On the Effectiveness of Modular Testing in EvoSuite
Elizabeth Dinella

TL;DR
This paper evaluates and enhances modular testing in EvoSuite for Java programs by allowing setup calls, resulting in improved branch coverage of target methods.
Contribution
It introduces EMOTE, a modification to EvoSuite that relaxes restrictions on setup calls, improving modular testing effectiveness.
Findings
EMOTE achieves a 15.15% increase in target method coverage.
Strict restrictions in EvoSuite's modular mode cause low coverage.
Allowing non-target setup calls improves test generation effectiveness.
Abstract
This paper explores the effectiveness of modular randomized testing for object oriented programs in Java.
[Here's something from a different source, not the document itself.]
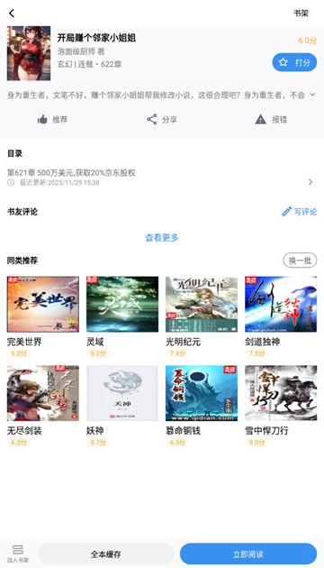 2、秒速追更:实时跨站搜索全网热门小说,与作者更新云同步。更有贴心的实时提醒功能,一键打开全新章节的阅读,让追更迷不在煎熬等待,不会错过任何精彩章节目录。
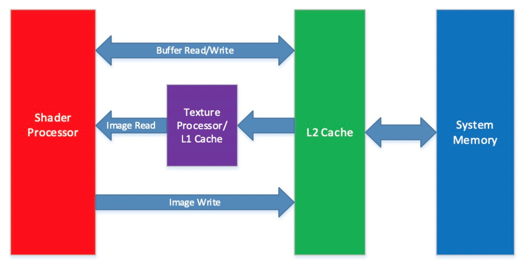 高通平台明确给出下图数据流路结构图,当使用Image-object存储时,在进去读数据时候可以使用Texture处理器和L1 cache进行快速读取。如果使用Buffer-object的话将无法使用该硬件缓存优势。所以对于高通骁龙系列手机,使用其GPU资源,选择OpenCL Image-object性能更优。

Modular testing involves testing individual components of a program in isolation. Often times, for effective test generation, a series of non-target setup calls must be included to obtain high coverage of the target component. In this work, we evaluate and improve modular testing with the EvoSuite test generator. We find that due to strict restrictions that disallow calls to non-target setup methods, EvoSuite's modular testing mode is ineffective and often results in low branch coverage. We propose \textsc{emote} (Effective Modular Testing with EvoSuite): an enhancement to EvoSuite that relaxes this restriction, allowing non-target methods to be included in the test prefixes. This modification draws inspiration from developer-written fuzz drivers, which often invoke setup methods to…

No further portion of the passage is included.